The 2012 election changed one other thing. It gave Obama the long-awaited opening he needed to go full throttle on immigration reform.

The election result was not the only strong point for Obama on reform. In 2007, then-President George W. Bush was widely and unfairly blamed for making a mess of the immigration reform fight in Congress by not pushing hard enough for passage of the bill. Immigrant rights groups lambasted Republican senators for piling crippling demands for tight amnesty, citizenship and border security provisions in the bill. Leading Republican presidential contenders didn’t help matters by flatly opposing the bill as much too soft on amnesty and border enforcement.

This did much to kill whatever flickering hope there was for the bill’s passage, and undid the inroads that Bush made in the 2000 and 2004 presidential elections, when he scored big with Latino voters — due largely in part to the perception (and reality) that Bush would push hard for immigration reform. But the GOP learned nothing from this. It was almost as if Bush’s Latino vote ramp-up was an aberration.

The GOP’s metallic ear on immigration culminated in the idiotic quip from GOP presidential loser Mitt Romney that the best way to solve the immigration crisis was for undocumented workers to “self-deport.”

Obama’s battle for the Latino vote in 2012 was never intended to head off any mass defection of Latino voters to the GOP. There was never any chance of that. The polls that showed Latinos less than enthusiastic about Obama also showed absolutely no enthusiasm for any GOP would-be presidential candidate.

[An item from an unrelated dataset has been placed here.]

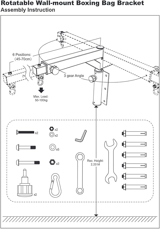 - Adjustable Length: Features quick-adjust technology with multiple length settings, accommodating different bag sizes and training spaces. Adjust your Punching Bag Mount quickly and easily with the included index plunger.

Still, Obama’s frontal challenge to the GOP to do something about immigration reform is not only a long overdue move to right a long simmering policy wrong, but a move that could help to shove the issue of what to do about the nation’s millions who are here without papers off the nation’s political table.

There’s absolutely no risk, only gain, for Obama in taking the point on immigration reform to try and make that happen.

Earl Ofari Hutchinson is an author and political analyst.